A derrota para Charles custará a Mateusz Gamrot uma queda nos rankings, mas não o tira da elite dos leves. O polonês ainda é um lutador de altíssimo nível — disciplinado, técnico e versátil. Seu estilo baseado em queda e controle posicional continua sendo um problema para boa parte da categoria, e é improvável que ele desça muito nas listas do UFC.

Um confronto que faz sentido neste momento para o UFC seria contra o brasileiro Maurício Ruffy, outro nome em busca de reabilitação. Ruffy vem de derrota para Benoît Saint-Denis, mas é jovem, agressivo e com um estilo de luta empolgante. Um duelo entre os dois poderia funcionar como um teste de recuperação mútua — para Gamrot, uma chance de mostrar que segue pronto para lutar com os melhores; para Ruffy, uma oportunidade de provar que pode competir com a elite.

Ambos precisam reagir, e esse tipo de confronto costuma definir o futuro de quem pode permanecer relevante no top 10.

Deiveson volta a sorrir entre os galos

No co-main event, Deiveson Figueiredo conseguiu o que precisava: uma vitória sólida e convincente sobre Montel Jackson. O ex-campeão peso-mosca teve dificuldades em sua transição para os galos, especialmente contra adversários mais altos e físicos, mas no Rio de Janeiro mostrou explosão, precisão e garra — características que o tornaram campeão mundial no passado.

A vitória recoloca o “Deus da Guerra” no radar da categoria, embora ainda distante de uma disputa direta por cinturão. Para o próximo passo, um nome faz muito sentido: Umar Nurmagomedov, invicto e em ascensão, é o tipo de desafio que pode colocar Deiveson no top 3 ou confirmar sua queda. Além de interessante tecnicamente, o duelo teria alto apelo comercial, combinando dois estilos agressivos e uma narrativa de antigo campeão contra nova força da divisão.

Se vencer, Deiveson volta a figurar como um dos principais candidatos a enfrentar Merab Dvalishvili no futuro.

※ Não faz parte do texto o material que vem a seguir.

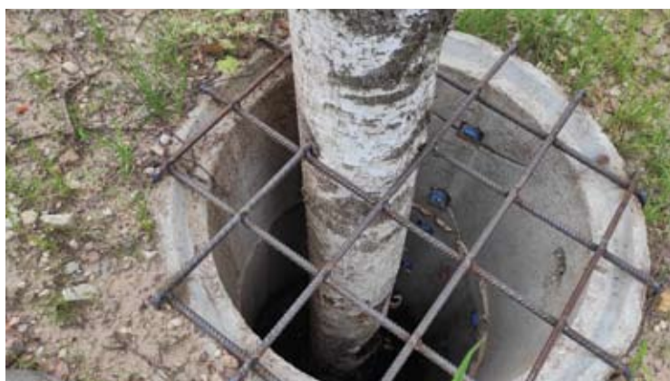
Štai toks sprendimas buvo pasitelktas, siekiant išsaugoti pakelėje augančius beržus.

„Laba visiems, tai yra ką tik rekonstruotoje Žvejų g. Anykščiuose. Trys nuostabūs beržai paruošti skerdimui, ne kitaip. Čia tokios išsaugojimo technologijos? Prašau paaiškinkit?!“ - prašė menininkė.

Montel Jackson busca recuperação no UFC

Por outro lado, Montel Jackson, que vinha em boa fase, sai do Rio de Janeiro com mais perguntas do que respostas. Apesar do alcance e da potência, ele não conseguiu se impor contra o ritmo e o timing de Figueiredo. Ainda assim, permanece no top 15 e deve ter nova chance de se recuperar rapidamente.

Um nome que surge como opção lógica é David Martinez, que vem de vitória e acumula crescente interesse dos fãs. Martinez representa o tipo de desafio que mede exatamente onde Jackson está na hierarquia dos galos: é técnico, jovem e em ascensão no UFC.